Cette séquence est fondamentale dans le parcours de Kumiko tout au long de la série : si elle
commence assez passive et détachée (ce que lui font remarquer ses camarades), plus vraiment
motivée pour la musique, la première saison de la série est un apprentissage de la passion, où Kumiko
apprendra à aimer la musique et aimer l’euphonium, ce qu’elle dira à sa sœur dans la séquence
suivante.
C’est cette idée d’expression de son soi profond qui est assez intéressante, et dont on trouve des échos
dans l’ensemble du corpus. Ainsi, dans la série Monogatari (Shaft, 2009-2017), le personnage mentor
d’Oshino Meme a pour phrase clef « Toi seul peut te sauver », dont l’idée serait que la réalisation
fondamentale de ses problèmes ne pourrait être résolue que par soi-même.

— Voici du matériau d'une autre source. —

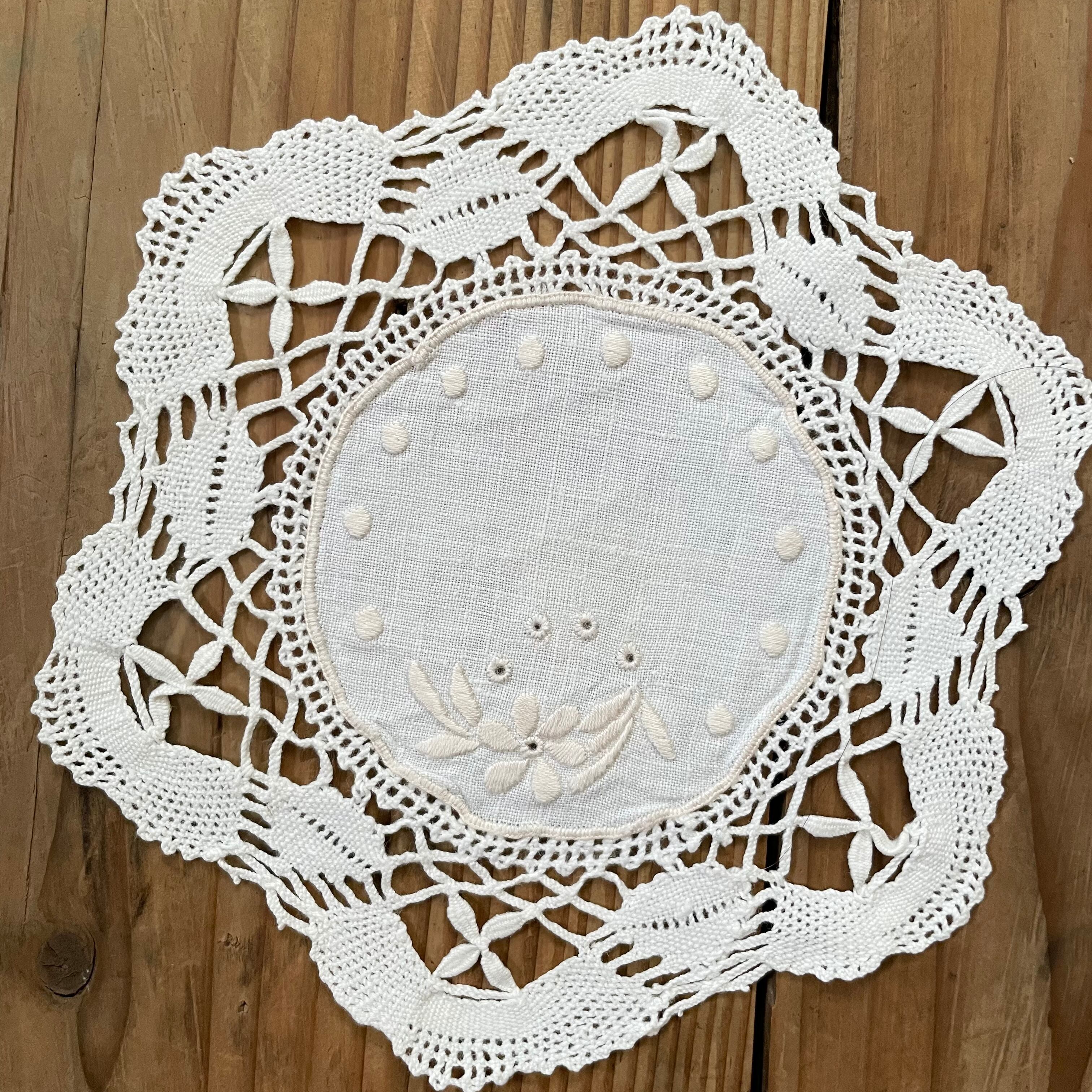 白地に白刺繍のドイリー
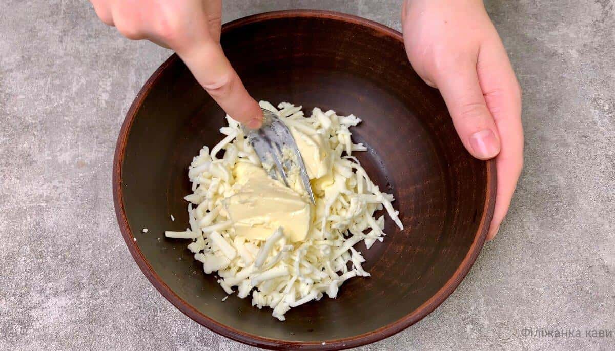- Для другої начинки знову змішуємо тертий плавлений сир, вершкове масло і злегка присипаємо чорним меленим перцем.

Cette idée est très présente dans le manga shojo, comme l’idée que c’est cette réalisation de son soi
profond qui conduit à une métamorphose interne du personnage, comme il est ici le cas de Kumiko. Si
son origine peut être conduit jusqu’à Osamu Tezuka, qui était fasciné par les transformations de
chrysalide en papillon, elle traverse toute la narration du manga et de l’animation, qu’elle soit interne
(plus souvent dans le cas du shojo, pour jeunes filles) ou externe (plus souvent dans le cas du shonen,
pour jeunes garçons). Elle est une thématique courante de ce genre de récit, car féconde dans l’idée
du récit d’initiation. Si elle est parfois parasitée ou déformée (comme dans certains cas de
Monogatari), elle est un élément narratif distinct de l’animation japonaise.